Wie sind ihre Dämmeigenschaften?

Die Dämmwirkung von Materialien wird mit dem Lambda-Wert angegeben. Dabei gilt: Je niedriger der Wert, desto besser die Wirkung. Viele ökologische Produkte lägen im „soliden Mittelfeld“, erläutert Andreas Schulze vom Verband Dämmstoffe aus nachwachsenden Rohstoffen (VDNR): „Beim winterlichen Kälteschutz haben einige synthetische Materialien die Nase vorn.“ Allerdings können mit ökologischen Materialien die gleichen Wirkungen erzielt werden, wenn die Dämmstoffstärke entsprechend angepasst wird. „Dabei handelt es sich um wenige Zentimeter mehr“, so Schulze.

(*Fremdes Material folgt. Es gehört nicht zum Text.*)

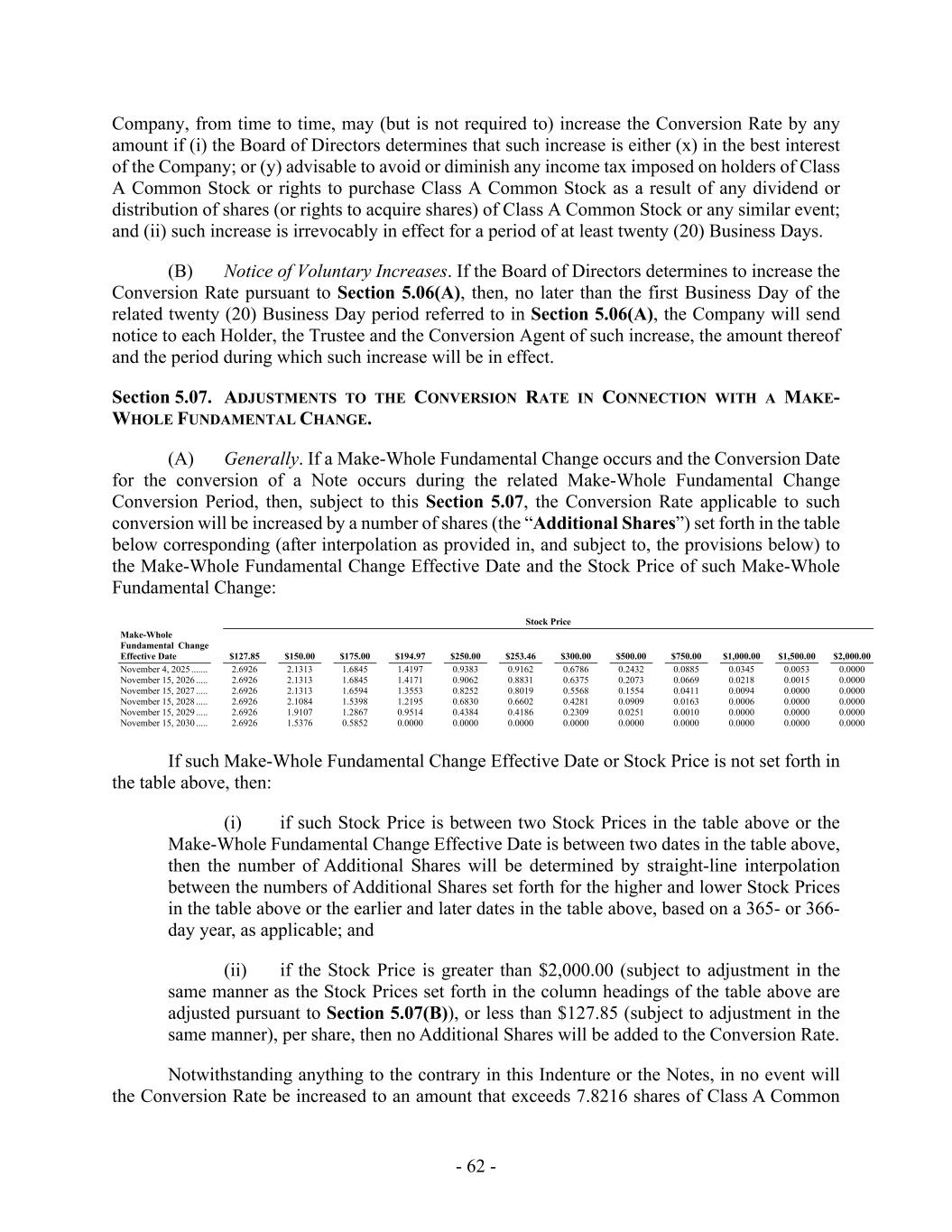 - 62 - Company, from time to time, may (but is not required to) increase the Conversion Rate by any amount if (i) the Board of Directors determines that such increase is either (x) in the best interest of the Company; or (y) advisable to avoid or diminish any income tax imposed on holders of Class A Common Stock or rights to purchase Class A Common Stock as a result of any dividend or distribution of shares (or rights to acquire shares) of Class A Common Stock or any similar event; and (ii) such increase is irrevocably in effect for a period of at least twenty (20) Business Days. (B) Notice of Voluntary Increases. If the Board of Directors determines to increase the Conversion Rate pursuant to Section 5.06(A), then, no later than the first Business Day of the related twenty (20) Business Day period referred to in Section 5.06(A), the Company will send notice to each Holder, the Trustee and the Conversion Agent of such increase, the amount thereof and the period during which such increase will be in effect. Section 5.07. ADJUSTMENTS TO THE CONVERSION RATE IN CONNECTION WITH A MAKE- WHOLE FUNDAMENTAL CHANGE. (A) Generally. If a Make-Whole Fundamental Change occurs and the Conversion Date for the conversion of a Note occurs during the related Make-Whole Fundamental Change Conversion Period, then, subject to this Section 5.07, the Conversion Rate applicable to such conversion will be increased by a number of shares (the “Additional Shares”) set forth in the table below corresponding (after interpolation as provided in, and subject to, the provisions below) to the Make-Whole Fundamental Change Effective Date and the Stock Price of such Make-Whole Fundamental Change: Stock Price Make-Whole Fundamental Change Effective Date $127.85 $150.00 $175.00 $194.97 $250.00 $253.46 $300.00 $500.00 $750.00 $1,000.00 $1,500.00 $2,000.00 November 4, 2025 ....... 2.6926 2.1313 1.6845 1.4197 0.9383 0.9162 0.6786 0.2432 0.0885 0.0345 0.0053 0.0000 November 15, 2026 ..... 2.6926 2.1313 1.6845 1.4171 0.9062 0.8831 0.6375 0.2073 0.0669 0.0218 0.0015 0.0000 November 15, 2027 ..... 2.6926 2.1313 1.6594 1.3553 0.8252 0.8019 0.5568 0.1554 0.0411 0.0094 0.0000 0.0000 November 15, 2028 ..... 2.6926 2.1084 1.5398 1.2195 0.6830 0.6602 0.4281 0.0909 0.0163 0.0006 0.0000 0.0000 November 15, 2029 ..... 2.6926 1.9107 1.2867 0.9514 0.4384 0.4186 0.2309 0.0251 0.0010 0.0000 0.0000 0.0000 November 15, 2030 ..... 2.6926 1.5376 0.5852 0.0000 0.0000 0.0000 0.0000 0.0000 0.0000 0.0000 0.0000 0.0000 If such Make-Whole Fundamental Change Effective Date or Stock Price is not set forth in the table above, then: (i) if such Stock Price is between two Stock Prices in the table above or the Make-Whole Fundamental Change Effective Date is between two dates in the table above, then the number of Additional Shares will be determined by straight-line interpolation between the numbers of Additional Shares set forth for the higher and lower Stock Prices in the table above or the earlier and later dates in the table above, based on a 365- or 366- day year, as applicable; and (ii) if the Stock Price is greater than $2,000.00 (subject to adjustment in the same manner as the Stock Prices set forth in the column headings of the table above are adjusted pursuant to Section 5.07(B)), or less than $127.85 (subject to adjustment in the same manner), per share, then no Additional Shares will be added to the Conversion Rate. Notwithstanding anything to the contrary in this Indenture or the Notes, in no event will the Conversion Rate be increased to an amount that exceeds 7.8216 shares of Class A Common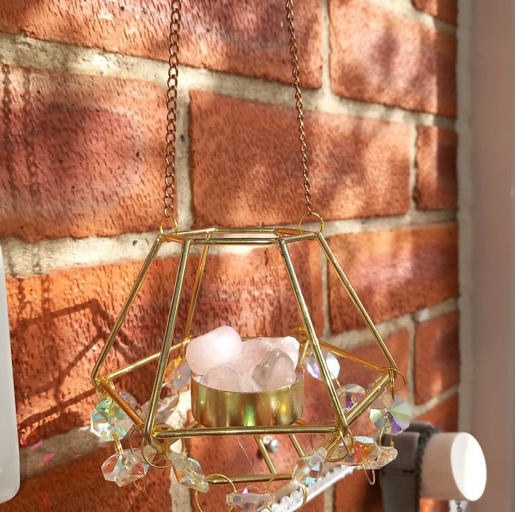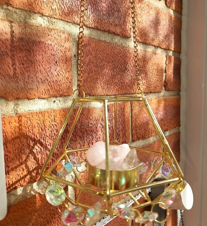 This suncatcher is made from a hexagonal golden wire with four natural crystals in the middle, two being Rose quartz and the others are normal quartz.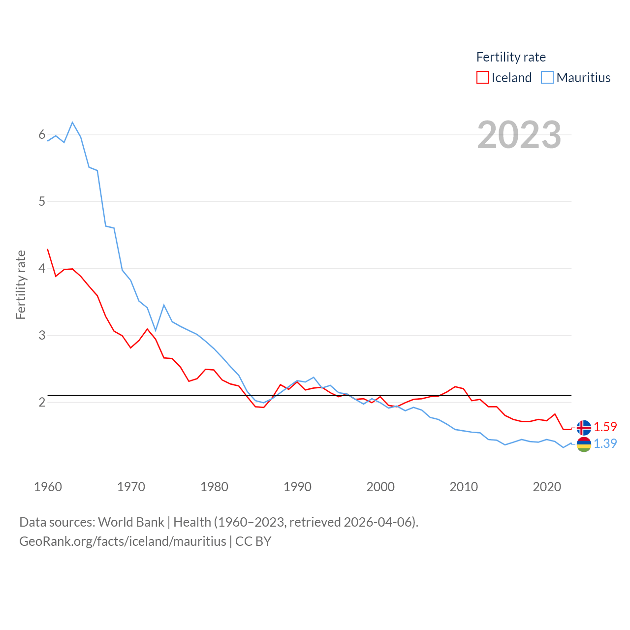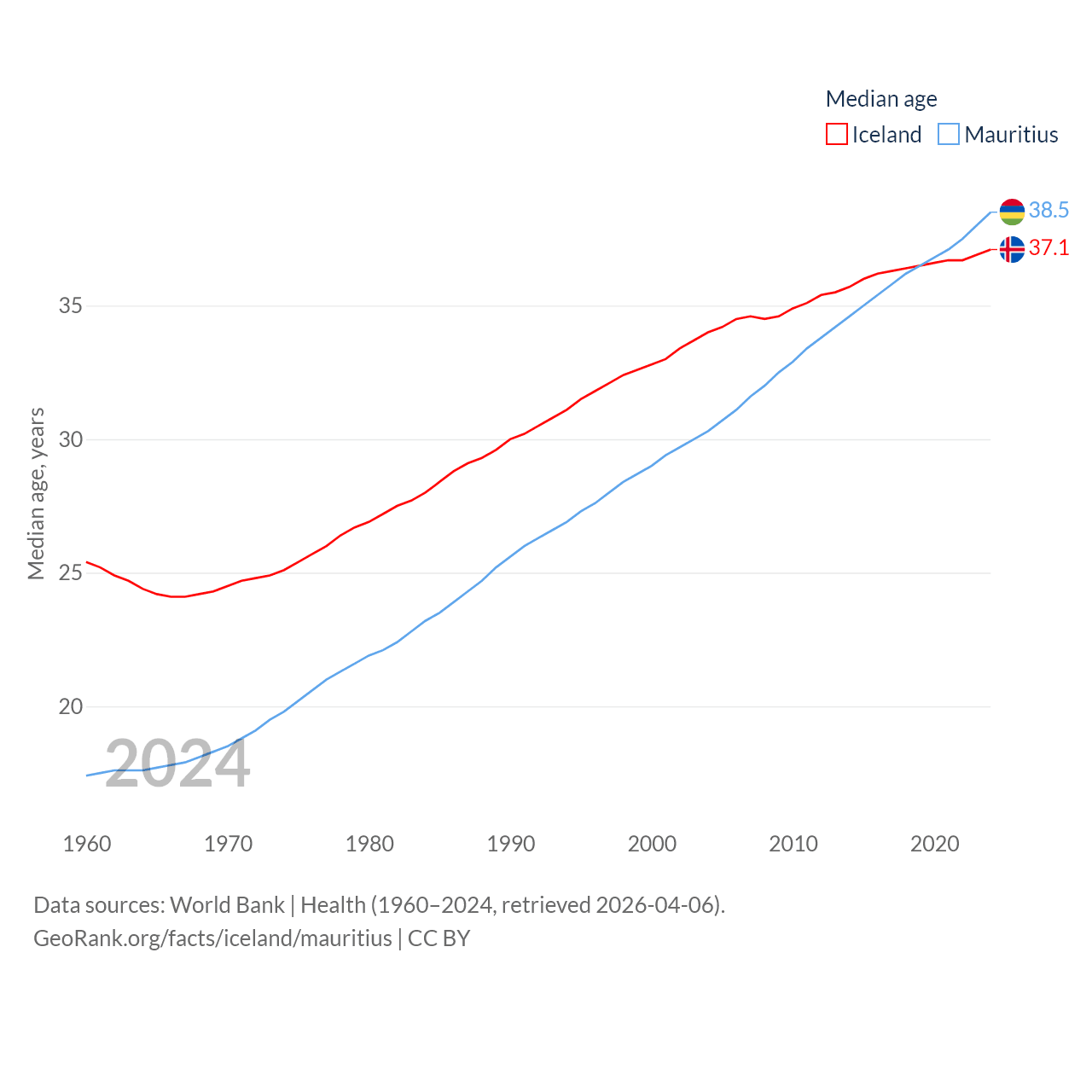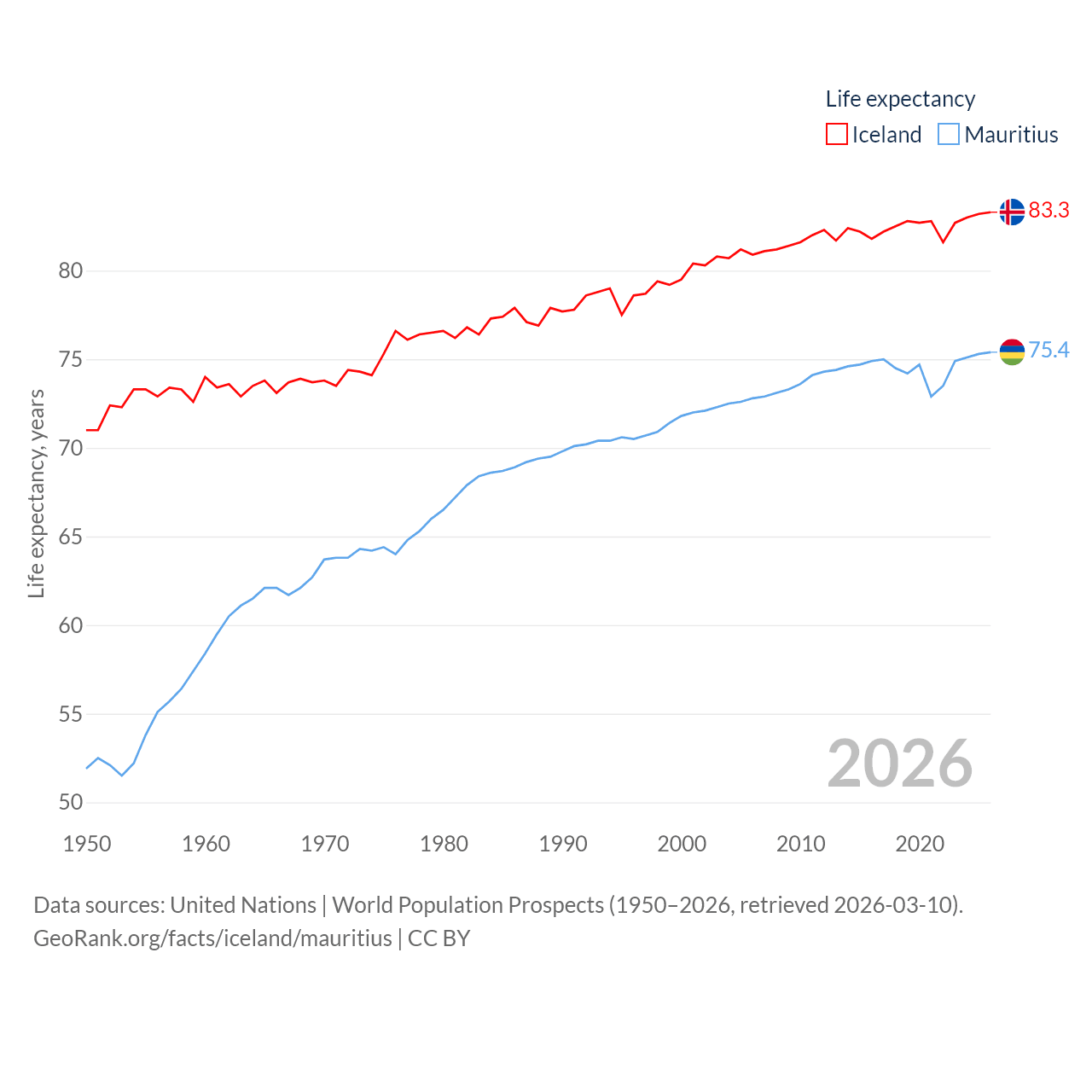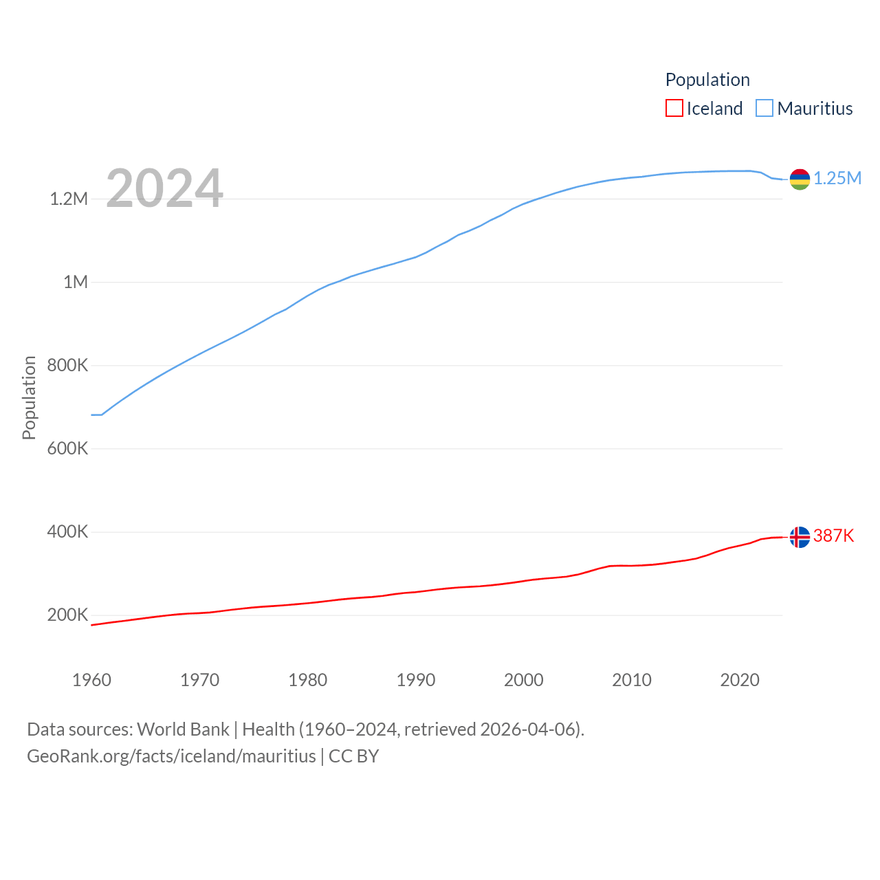 Iceland has a population of 387K (ranked 173/197), compared with 1.25M in Mauritius (ranked 156/197). Iceland's land area is 38,931 sq mi versus 771 sq mi for Mauritius (ranked 104th vs. 170th).

Wo kommen sie zum Einsatz?

Ökologische Dämmmaterialien sind universell einsetzbar – sei es als Außendämmung, Dachdämmung oder Innendämmung. Es bestehen verschiedene Verarbeitungsweisen: So können Holzfaserdämmplatten als Wärmedämmverbundsystem angebracht werden. Zellulose wird in der Regel eingeblasen. Wolle kann unter anderem gestopft werden, mit Stroh werden Gefache von Holzkonstruktionen gefüllt.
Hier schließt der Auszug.